The benchmark price for a single-family home was $736,000, up 1.1 per cent year-over-year, while the benchmark price for a townhouse/row unit rose 2.1 per cent to $517,500 and the benchmark apartment price ticked up two per cent to $425,000.
Earlier this week, real estate market analysts told the Canadian Press the Bank of Canada’s move to cut its key interest rate could be the sign that many would-be homebuyers have been waiting for to make their move.
Around 56 per cent of Canadian adults who have been active in the housing market said they have been forced to postpone their property search since the bank began raising its key lending rate from near zero in March 2022, according to a Leger survey earlier this year commissioned by Royal LePage.
‘Pent-up demand’
Among those waiting on the sidelines, just over half said they would resume their search if interest rates went down, including one-in-10 who indicated a 25-basis-point drop would be enough for them to jump back in.
“There certainly is pent-up demand,” Karen Yolevski, chief operating officer of Royal LePage Real Estate Services, said in an interview.
“Typically when rates go down, prices go up. So this would be the time where people come off the sidelines, knowing and anticipating that prices are likely to rise.”
Yolevski cautioned the market rebound “won’t be an overnight effect” as Canada is likely to see a more gradual return to higher sales levels. The Leger survey found more than two-in-five prospective homebuyers were waiting for a cut of at least 50 or 100 basis points before resuming their search.
“People purchase homes less so on the sticker price, the actual sale price of the property, but more so on the monthly carrying cost of the property,” said Yolevski.
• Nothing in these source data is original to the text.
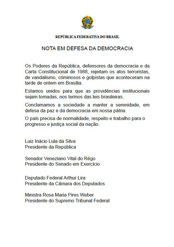 Os chefes dos Três Poderes divulgaram uma nota conjunta, na manhã desta segunda-feira (09), condenando os atos “terroristas, de vandalismo, criminosos e golpistas” realizados na tarde de domingo (08), em Brasília.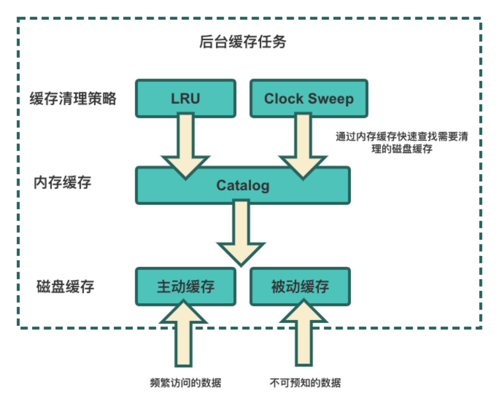 同时,由于本地磁盘空间有限,我们提供了两种缓存淘汰策略:LRU 和 Clock Sweep。为进一步优化缓存清理的速度,我们在内存中构建了磁盘的 Catalog,以便快速筛选需要淘汰的缓存数据。
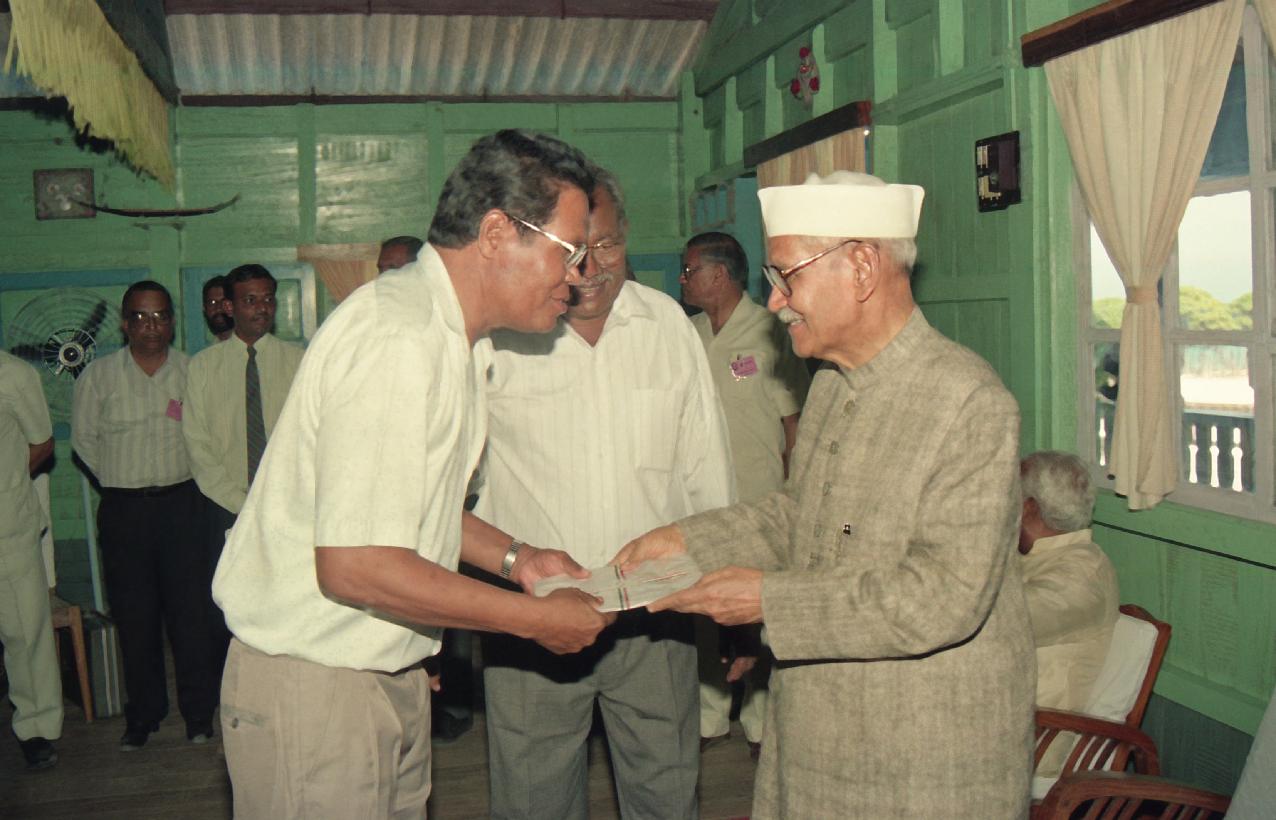 | Caption: | The President of India, Dr. Shankar Dayal Sharma meeting with Tribal Leaders, at Car Nicobar on February 19, 1995. |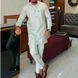 New Men's Tenos Wedding 2-Piece Suit Waist Pants Shirt Solid Color Panel Long Sleeve Party African Ethnic Style Clothing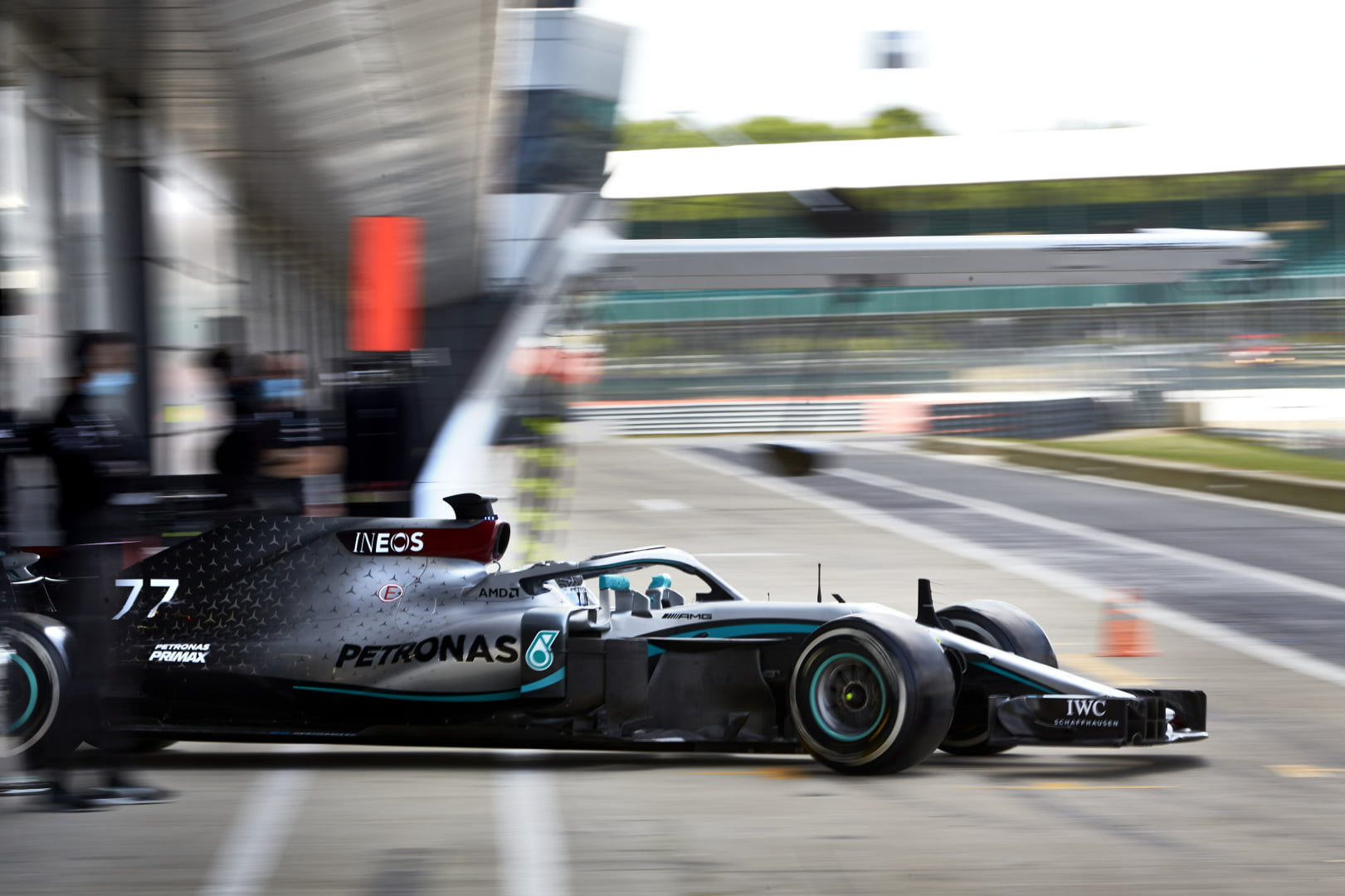 Mondmaskers, face shields en waar mogelijk social distancing. Werken in een pitbox ziet er sinds de coronacrisis heel wat anders uit. Mercedes testte vandaag op Silverstone als eerste team de protocollen die vanaf de Grote Prijs van Oostenrijk van kracht zijn. Valtteri Bottas mocht in de Mercedes W09 uit 2018 stappen om zijn eerste meters sinds de wintertests te maken, morgen is Lewis Hamilton aan de beurt.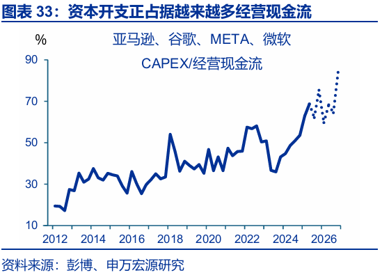 1)资本开支增加消耗自由现金流,科技企业寻求外部融资需求增加。根据市场预期,美国主要科技企业2026至2027年的资本开支力度仍将进一步提升。过去几年,科技企业资本开支提升已占据越来越多的经营现金流,导致企业自由现金流下降,进而推高了科技企业从外部融资的需求。这意味着,美国科技企业未来的资本开支,或将更容易受到融资环境、市场对回报率诉求的影响;

“So interest rates going down will, over time, lower monthly carrying costs and that will ease some of the burden that homebuyers feel, particularly first-time buyers, if they’re feeling stretched.”
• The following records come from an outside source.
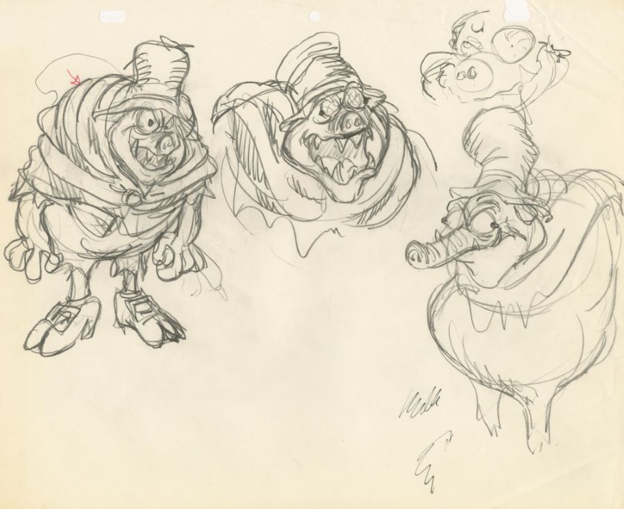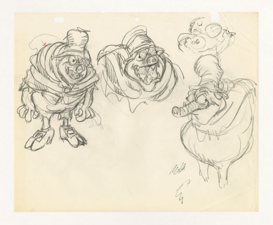 A character development drawing from the Ralph Bakshi Studios. Featuring four surly pig characters, the drawing was created at the studio and used during the animation process. Measuring 10.5"x12.5" overall, with the image area measuring 8.5"x12", the drawing is in very good condition with edge wear, including creasing and a torn peg hole.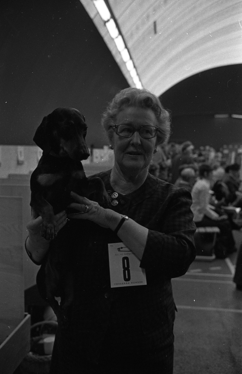 Hundutställning. Matte med släthårig, svart tax. Kvinnan har en nummerlapp märkt med siffran åtta. Bakom henne ses publik sittande på bänkar.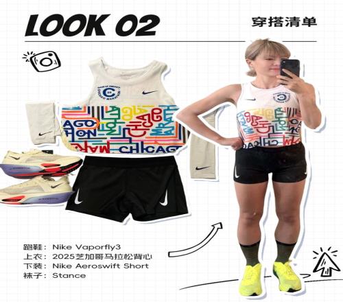 坐標(biāo)上海,跑步已經(jīng)10年的王芳,也是耐克黑馬的一員。2023年她在上海女子半馬以131跑進(jìn)上馬直通,雖然此后兩年的上海女子半馬都沒(méi)有中簽,但不妨礙她在這兩年的時(shí)間里,將自己的半馬PB刷新到了124;10公里成績(jī)提升至38分18秒。 聊到穿搭,她表示自己最大的跑步動(dòng)力就是穿好看的裝備,以前每次PB她都會(huì)給自己獎(jiǎng)勵(lì)一件精英裝備——入一些不太會(huì)撞衫的款式(或者新款)。賽中的搭配,她基本以背心為主搭半彈。襪子的選擇上,她尤其喜歡穿中筒襪,她覺(jué)得這可以讓她的腿型更好看。 今年,再次站上上海女子半馬起點(diǎn)的她,沒(méi)有成績(jī)目標(biāo),主要以跑個(gè)上馬直通名額以及享受女子跑步的賽道氛圍為主。巧合的是,她的好朋友也將在這一天參加名古屋的馬拉松。所以在定妝穿搭的選擇上,她選擇了25年芝加哥馬拉松的背心:一是因?yàn)檫@件背心日前沒(méi)有在比賽中穿過(guò),撞衫率應(yīng)該也不會(huì)很高;二是因?yàn)檫@件背心是跑名古屋的好朋友送的,王芳希望穿上它給朋友一個(gè)“取得一個(gè)好成績(jī)”的祝福。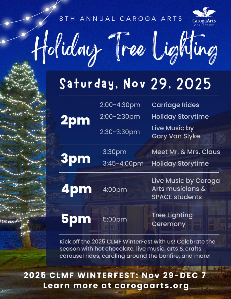 The Tree Lighting marks the official start of the 2025 Caroga Lake Music Festival (CLMF) WinterFest, running December 1-7 at venues.
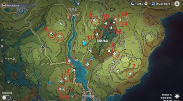 图中标有14个能量块,其中1、7、8、9这四个不建议去拿,拿10个就够了)

Ontario Premier Doug Ford said he was optimistic the central bank’s decision would help spur housing construction in the province.
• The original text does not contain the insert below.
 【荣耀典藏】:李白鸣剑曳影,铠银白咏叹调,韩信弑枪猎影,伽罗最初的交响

He said the first cut was a good start but that the Bank of Canada should lower interest rates as quickly as it raised them.
“I believe that when you lower the interest rates, the homes will pop up like mushrooms all over the place,” Ford told reporters on Wednesday.
“I’ll be all over the Bank of Canada and I’ll never stop until they continue lowering the interest rates.”
Variable-rate mortgage relief
But TD Bank senior economist James Orlando predicts the path for rate cuts going forward will be slow, despite the Bank of Canada acknowledging the economy doesn’t need such high interest rates any longer.
“It will proceed cautiously. It must ensure that inflationary pressures don’t rebound like they have in the U.S. in recent months,” he said in a note.
“It also doesn’t want to reignite the housing market, where prospective buyers have been waiting for greater interest rate certainty. We expect the (bank) is on a cut-pause-cut path, with the next cut likely occurring in September.”
The June decision is welcome news for homeowners with variable-rate mortgages, said Victor Tran, a mortgage and real estate specialist for Ratesdotca.
The company estimated that for every 25-basis-point decrease, floating variable-rate mortgage holders can expect to pay $15 less per $100,000 of mortgage.
“Those up for renewal in the coming months are facing monthly payment increases of up to 60 per cent, according to the Bank of Canada’s annual Financial Stability Report, and a 25-basis-point rate drop is a step towards easing those increases,” Tran said in a press release.
“We will likely see an uptick in mortgage-holders considering variable rates on renewal to take advantage of the downswing, though the spread between fixed and variable is still significant and the Bank of Canada may spread decreases out over a number of months.”
In other news, OREB announced that Nicole Christy has joined the organization as CEO effective June 3.
Christy previously served as vice-president of corporate governance and leadership development for the London and St. Thomas Association of Realtors.